Member of the Jharkhand Legislative Assembly
- In office 23 December 2019 – 23 November 2024
- Preceded by: Tala Marandi
- Succeeded by: Dhananjay Soren
- Constituency: Borio
- In office 23 December 2009 – 23 December 2014
- Preceded by: Tala Marandi
- Succeeded by: Tala Marandi
- Constituency: Borio
- In office 15 November 2000 – 27 February 2005
- Preceded by: Himself (As Bihar MLA)
- Succeeded by: Tala Marandi
- Constituency: Borio

Member of the Bihar Legislative Assembly
- In office 1990–2000
- Constituency: Borio

Personal details
- Born: Lobin Hembrom 1952 (age 73–74) Mahagama, Jharkhand
- Citizenship: India
- Party: Bharatiya Janata Party (2024–present)
- Other political affiliations: Jharkhand Mukti Morcha (till 2024)
- Parent: Raghu Hembrom
- Education: Matriculated from Bihar School Examination Board Patna Bihar in 1970
- Occupation: Agriculture, Politician, Social worker

= Lobin Hembrom =

Indian politician

Lobin Hembrom is an Indian politician and member of the Bharatiya Janata Party. Hembrom was a three time member of the Jharkhand Legislative Assembly from the Borio constituency in Sahibganj district in 2000–2004, 2009–2013, and 2019–2023 on Jharkhand Mukti Morcha ticket.

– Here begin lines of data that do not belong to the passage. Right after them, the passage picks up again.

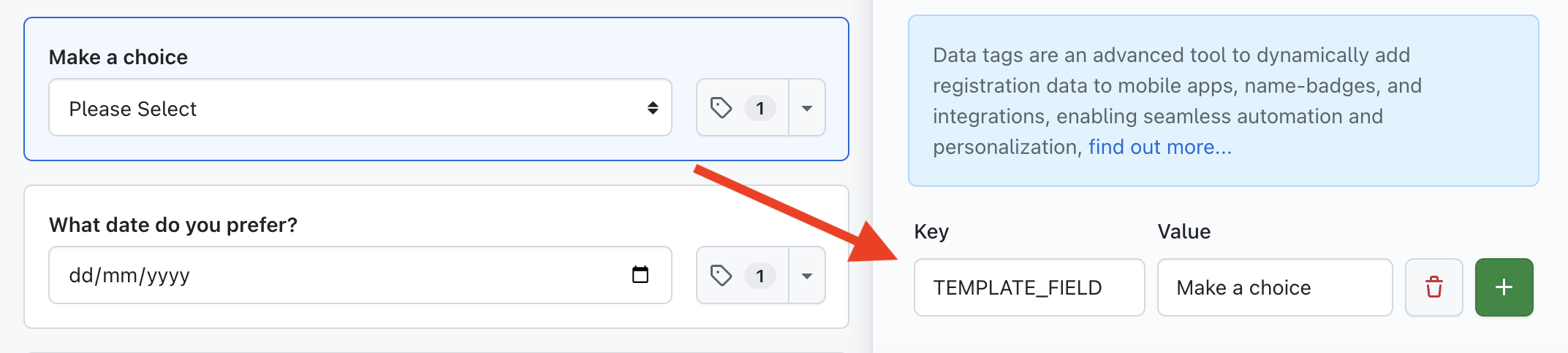 You can even add your own variables based on your event form fields - simply select a field, and click on the 'Data Tags' option. In the 'Key' Field, enter the text TEMPLATE_FIELD , and then enter a name for the variable into the 'Value' field and save your changes.
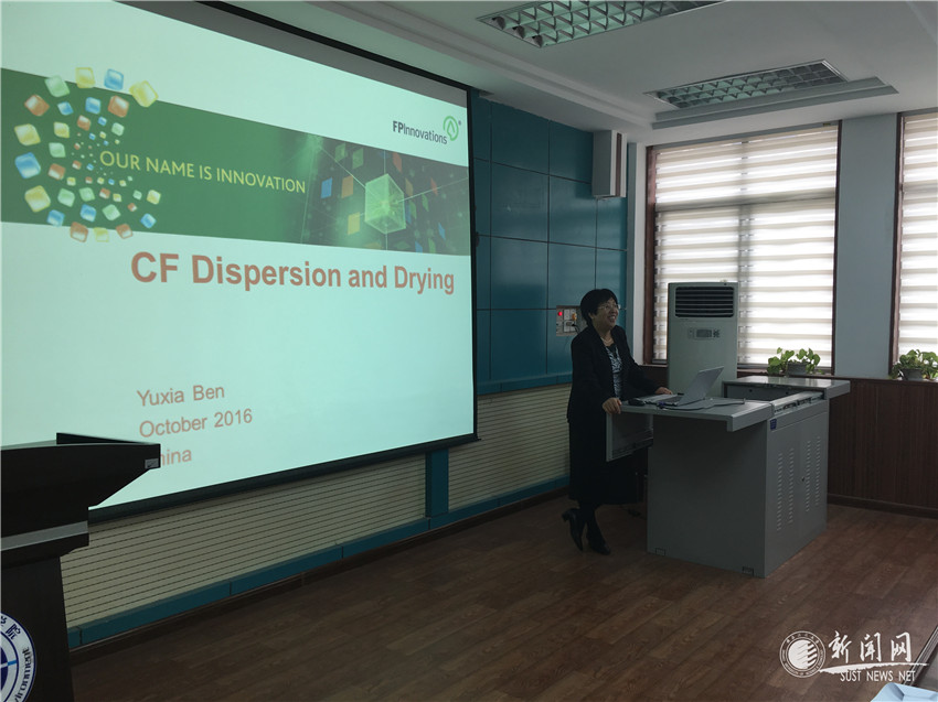 10月13日,應我校輕工科學與工程學院的邀請,加拿大林產(chǎn)品創(chuàng)新研究院(FPInnovations-原加拿大造紙研究院)研究員賁玉霞博士和米歇爾·瑞米德(Michelle Ricard)來輕工學院作了“導師論壇”系列學術報告。報告會由輕工學院副院長張素風教授主持。
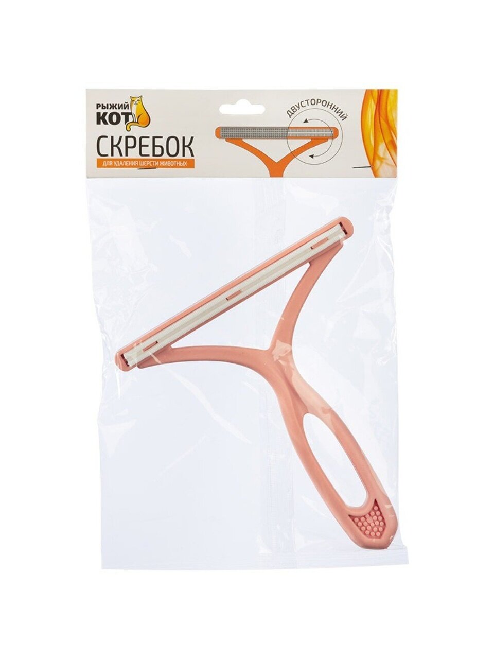 Скребок для удаления шерсти животных Рыжий кот — эффективное решение для быстрой и легкой уборки шерсти домашних питомцев. Двусторонний скребок размером 12х14 см помогает поддерживать чистоту в доме без лишних усилий. Универсальный аксессуар для ухода за мебелью и текстилем.

Hembrom was suspended for contesting independently in the 2024 Indian general election, he subsequently joined Bharatiya Janata Party.

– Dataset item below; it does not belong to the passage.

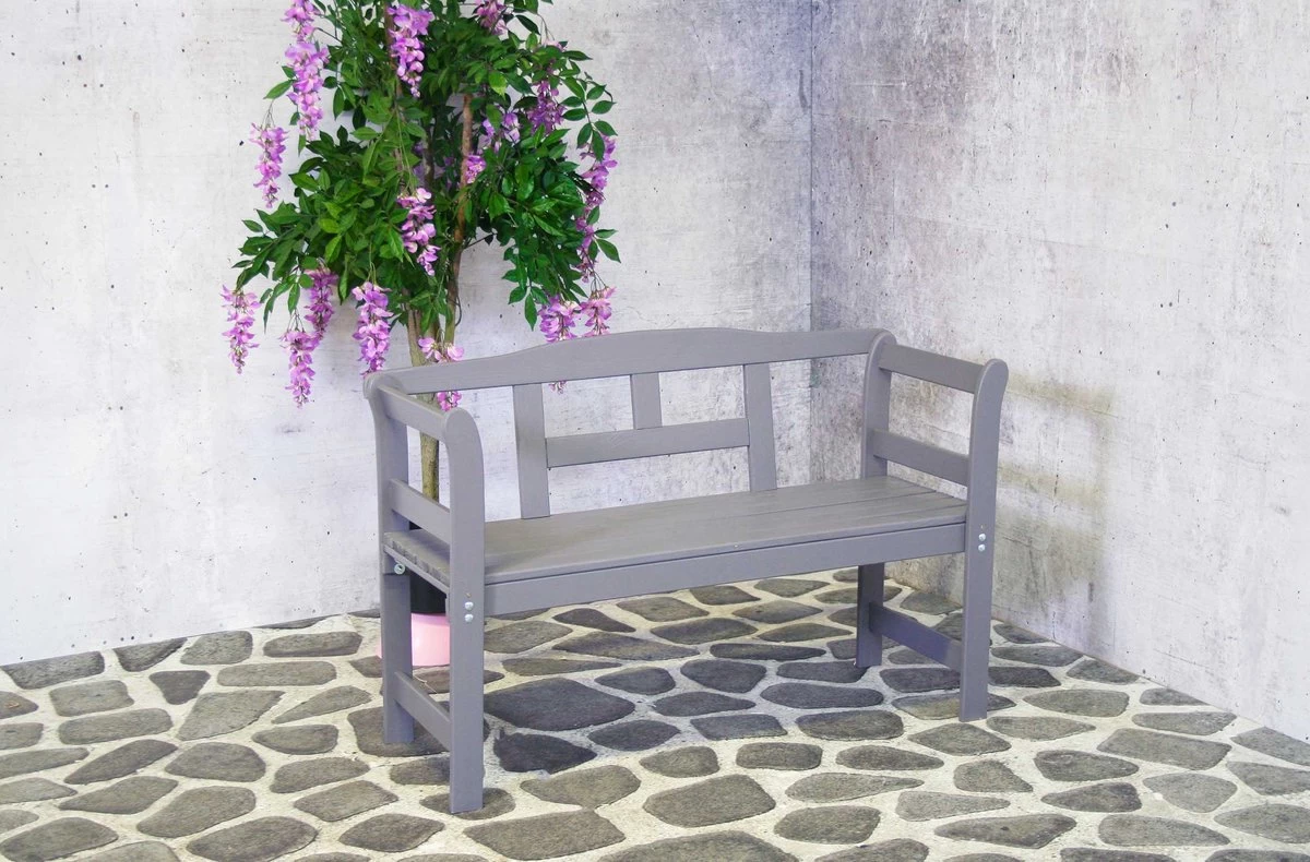 Trendy 2-zits tuinbankje Friesenbank gemaakt van 100% FSC vurenhout in de kleur lichtgrijs. Het FSC keurmerk staat voor houtkap uit duurzame en door milieuorganisaties gecontroleerde bossen.�De tuinbank�past in vrijwel iedere tuin door de strakke vormgeving en natuurlijke uitstraling. De tuinbank Friesenbank heeft de volgende afmetingen: 113x40x75cm (BxDxH). De tuinbank�is een sieraad voor uw tuin of terras! De rugleuning en de armleuningen zijn al voorgemonteerd, waardoor hij snel en eenvoudig in elkaar te zetten is.�U krijgt op de tuinbank Friesenbank 2 jaar garantie.
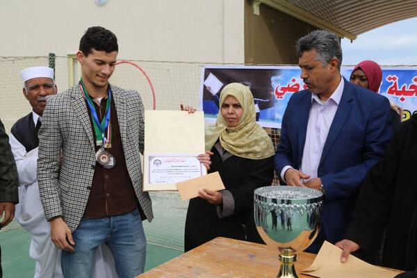 April 2020, Sabratha (Libya). Ms Hamida Abu Algasim Ewshah, member of Sabratha Municipal Council, gives a prize to the champion of a local tennis tournament at Sabratha Tennis Academy. Photo: ©UNDP Libya/Abdullah Hussin.

== Participation in Jharkhand Movement==
Mr Lobin Hembrom (Hembrom also spelt as Hembram) started his political journey by being one of the leaders actively participating in Jharkhand Movement under the leadership of Disomguru Shibu Soren leader of Jharkhand Mukti Morcha demanding Jharkhand as separate state to be carved out from Bihar which was first demanded by Jaipal Singh Munda, a member of Constituent Assembly of Bihar and leader of Jharkhand Party.

== Notable works==
Lobin Hembrom, being MLA of Borio Assembly, played a leading role in establishing Shibu Soren Janjatiya Degree College, Borio, for the people residing in the foothills of the Rajmahal Hills, which has been named after an eminent leader of Jharkhand Sri Shibu Soren whom he respects a lot.